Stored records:
================

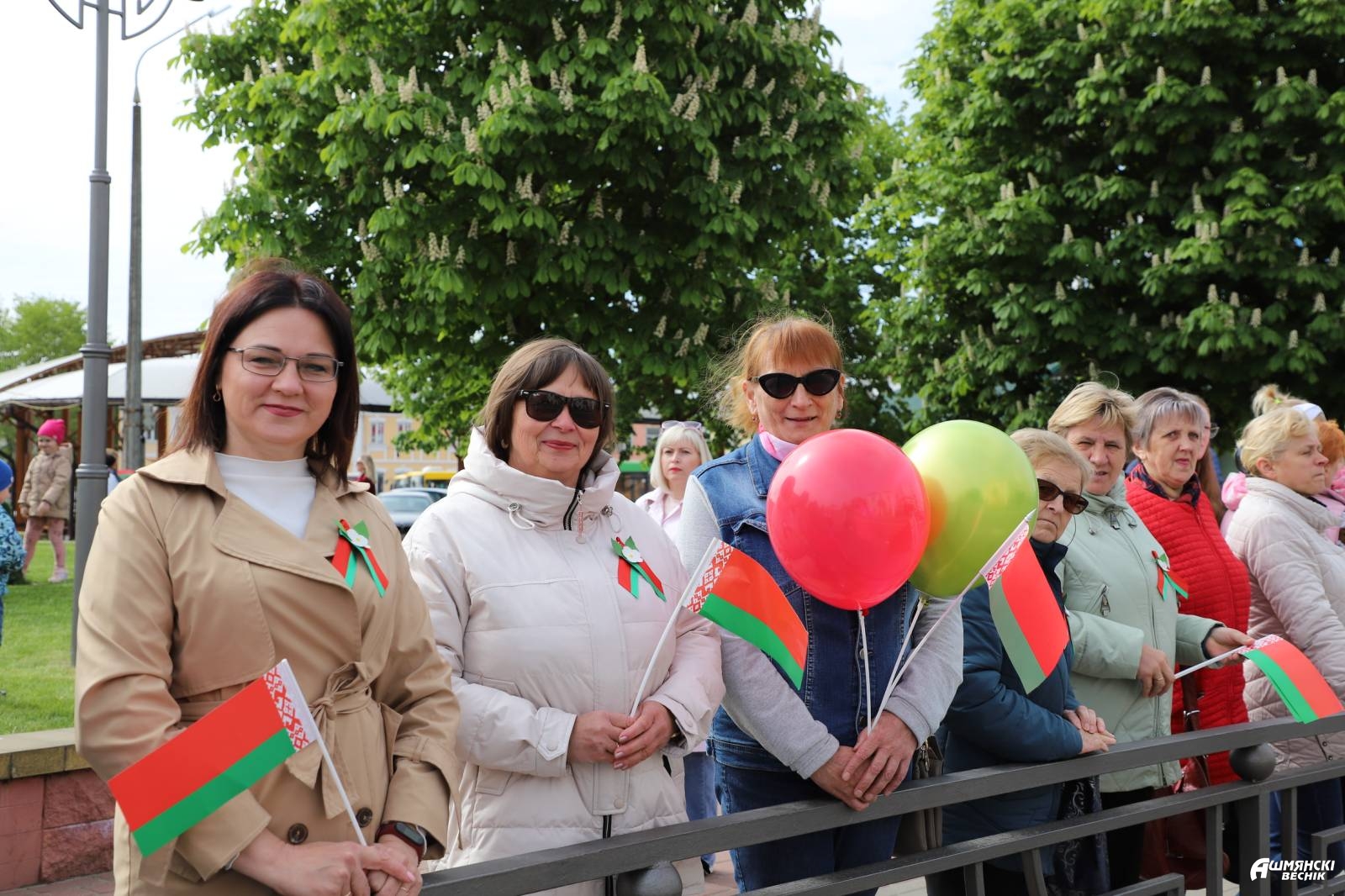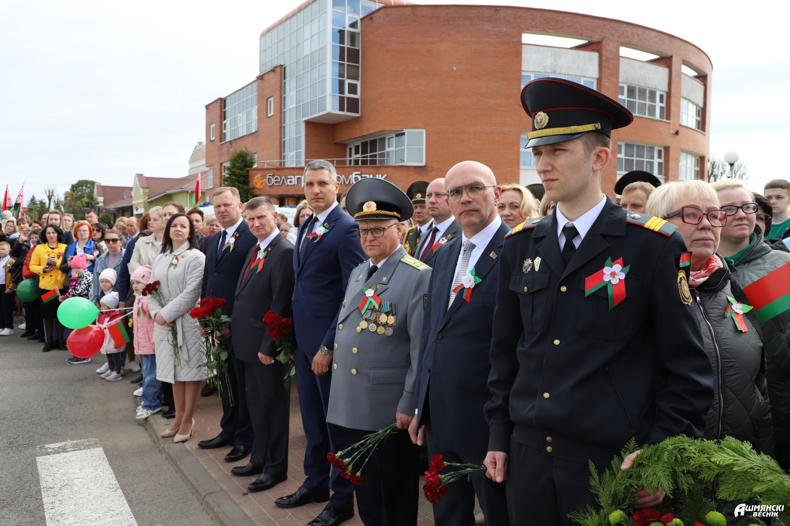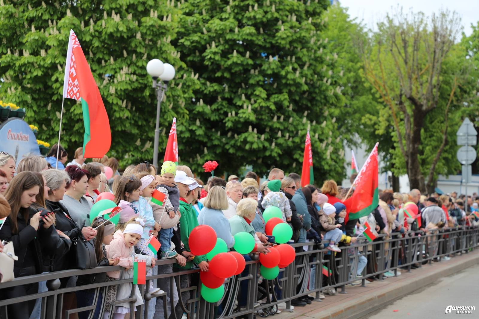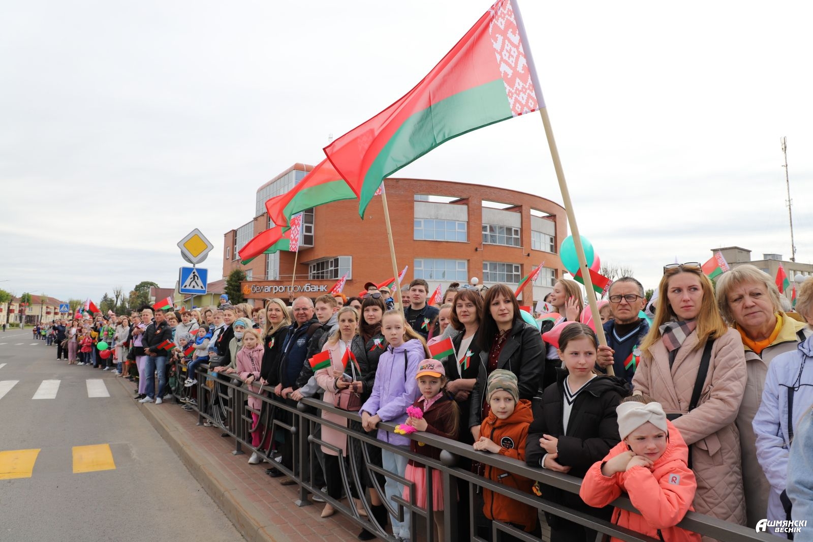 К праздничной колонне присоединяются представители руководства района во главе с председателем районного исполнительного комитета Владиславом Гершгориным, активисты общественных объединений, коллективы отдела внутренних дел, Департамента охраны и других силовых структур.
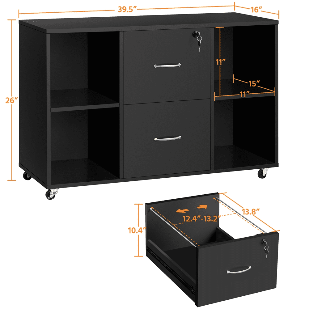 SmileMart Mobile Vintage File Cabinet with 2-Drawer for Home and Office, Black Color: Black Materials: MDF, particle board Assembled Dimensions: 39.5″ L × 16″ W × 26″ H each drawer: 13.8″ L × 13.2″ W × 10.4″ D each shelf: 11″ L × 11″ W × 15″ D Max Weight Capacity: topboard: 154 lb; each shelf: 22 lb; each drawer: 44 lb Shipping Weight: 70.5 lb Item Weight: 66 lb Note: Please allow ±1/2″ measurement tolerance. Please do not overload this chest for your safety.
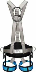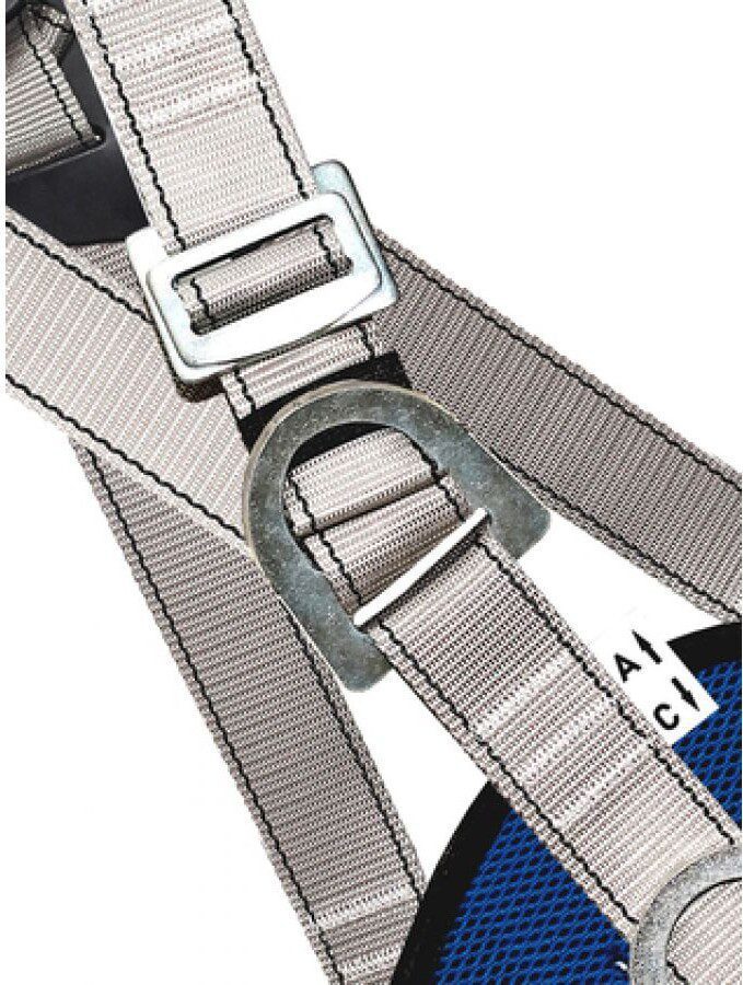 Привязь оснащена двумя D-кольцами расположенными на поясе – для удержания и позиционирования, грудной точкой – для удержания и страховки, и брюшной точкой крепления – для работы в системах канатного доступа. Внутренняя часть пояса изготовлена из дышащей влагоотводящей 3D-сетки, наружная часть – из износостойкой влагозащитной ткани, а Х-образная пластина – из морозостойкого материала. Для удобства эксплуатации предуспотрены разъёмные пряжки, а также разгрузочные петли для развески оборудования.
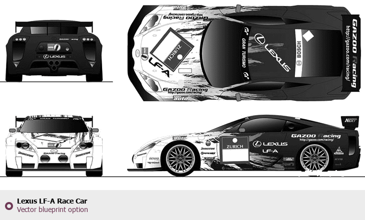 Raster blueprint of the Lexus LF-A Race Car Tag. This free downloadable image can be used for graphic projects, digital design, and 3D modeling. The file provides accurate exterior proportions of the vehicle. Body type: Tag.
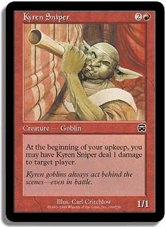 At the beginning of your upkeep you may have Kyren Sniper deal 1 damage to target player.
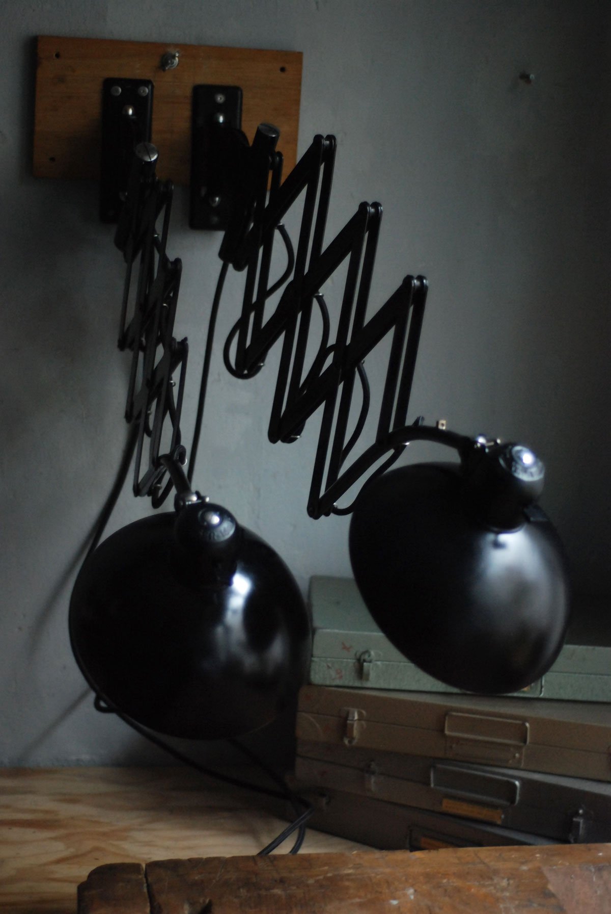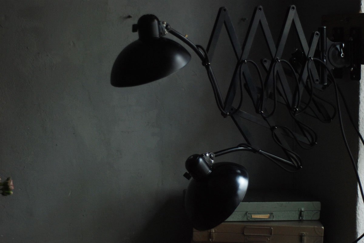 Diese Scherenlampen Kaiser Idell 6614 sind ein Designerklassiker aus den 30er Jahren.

================

(BRIEF)
Please print each of the records word for word, keeping the pictures out.

(ANSWER SPACE)
 К праздничной колонне присоединяются представители руководства района во главе с председателем районного исполнительного комитета Владиславом Гершгориным, активисты общественных объединений, коллективы отдела внутренних дел, Департамента охраны и других силовых структур.
 SmileMart Mobile Vintage File Cabinet with 2-Drawer for Home and Office, Black Color: Black Materials: MDF, particle board Assembled Dimensions: 39.5″ L × 16″ W × 26″ H each drawer: 13.8″ L × 13.2″ W × 10.4″ D each shelf: 11″ L × 11″ W × 15″ D Max Weight Capacity: topboard: 154 lb; each shelf: 22 lb; each drawer: 44 lb Shipping Weight: 70.5 lb Item Weight: 66 lb Note: Please allow ±1/2″ measurement tolerance. Please do not overload this chest for your safety.
 Привязь оснащена двумя D-кольцами расположенными на поясе – для удержания и позиционирования, грудной точкой – для удержания и страховки, и брюшной точкой крепления – для работы в системах канатного доступа. Внутренняя часть пояса изготовлена из дышащей влагоотводящей 3D-сетки, наружная часть – из износостойкой влагозащитной ткани, а Х-образная пластина – из морозостойкого материала. Для удобства эксплуатации предуспотрены разъёмные пряжки, а также разгрузочные петли для развески оборудования.
 Raster blueprint of the Lexus LF-A Race Car Tag. This free downloadable image can be used for graphic projects, digital design, and 3D modeling. The file provides accurate exterior proportions of the vehicle. Body type: Tag.
 At the beginning of your upkeep you may have Kyren Sniper deal 1 damage to target player.
 Diese Scherenlampen Kaiser Idell 6614 sind ein Designerklassiker aus den 30er Jahren.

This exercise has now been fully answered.